* **WORK INSTRUCTION**:
I'd like every entry transcribed word for word, with no pictures.

* **PROVIDED ENTRIES**:
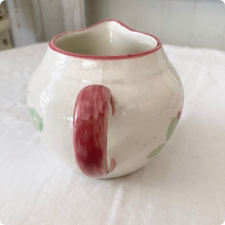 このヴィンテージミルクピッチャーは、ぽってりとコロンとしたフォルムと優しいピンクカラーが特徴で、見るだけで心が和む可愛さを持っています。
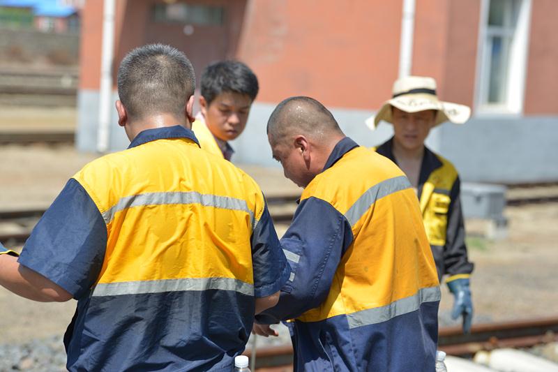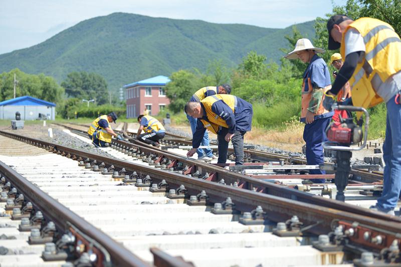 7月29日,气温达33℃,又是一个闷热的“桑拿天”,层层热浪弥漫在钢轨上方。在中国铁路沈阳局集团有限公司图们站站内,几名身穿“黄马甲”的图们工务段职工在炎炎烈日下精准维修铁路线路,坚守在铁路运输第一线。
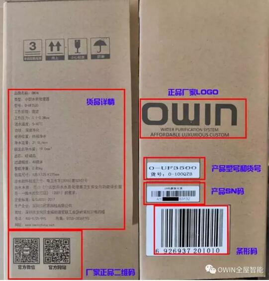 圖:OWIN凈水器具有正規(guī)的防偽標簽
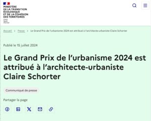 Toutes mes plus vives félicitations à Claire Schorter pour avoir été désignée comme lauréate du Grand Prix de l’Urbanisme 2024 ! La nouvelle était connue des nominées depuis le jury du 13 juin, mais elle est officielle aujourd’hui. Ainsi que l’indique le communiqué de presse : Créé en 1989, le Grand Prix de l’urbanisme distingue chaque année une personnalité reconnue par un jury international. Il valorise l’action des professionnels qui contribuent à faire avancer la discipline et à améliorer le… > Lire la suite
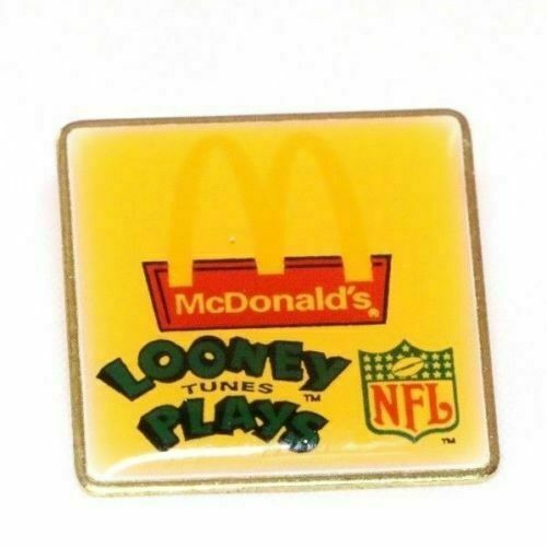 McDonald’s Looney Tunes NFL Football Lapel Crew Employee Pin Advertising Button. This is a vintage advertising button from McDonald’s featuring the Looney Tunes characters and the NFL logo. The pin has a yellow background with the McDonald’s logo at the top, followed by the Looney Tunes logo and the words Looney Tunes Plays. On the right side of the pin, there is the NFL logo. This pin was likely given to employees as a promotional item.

* **TASK SOLUTION**:
 このヴィンテージミルクピッチャーは、ぽってりとコロンとしたフォルムと優しいピンクカラーが特徴で、見るだけで心が和む可愛さを持っています。
 7月29日,气温达33℃,又是一个闷热的“桑拿天”,层层热浪弥漫在钢轨上方。在中国铁路沈阳局集团有限公司图们站站内,几名身穿“黄马甲”的图们工务段职工在炎炎烈日下精准维修铁路线路,坚守在铁路运输第一线。
 圖:OWIN凈水器具有正規(guī)的防偽標簽
 Toutes mes plus vives félicitations à Claire Schorter pour avoir été désignée comme lauréate du Grand Prix de l’Urbanisme 2024 ! La nouvelle était connue des nominées depuis le jury du 13 juin, mais elle est officielle aujourd’hui. Ainsi que l’indique le communiqué de presse : Créé en 1989, le Grand Prix de l’urbanisme distingue chaque année une personnalité reconnue par un jury international. Il valorise l’action des professionnels qui contribuent à faire avancer la discipline et à améliorer le… > Lire la suite
 McDonald’s Looney Tunes NFL Football Lapel Crew Employee Pin Advertising Button. This is a vintage advertising button from McDonald’s featuring the Looney Tunes characters and the NFL logo. The pin has a yellow background with the McDonald’s logo at the top, followed by the Looney Tunes logo and the words Looney Tunes Plays. On the right side of the pin, there is the NFL logo. This pin was likely given to employees as a promotional item.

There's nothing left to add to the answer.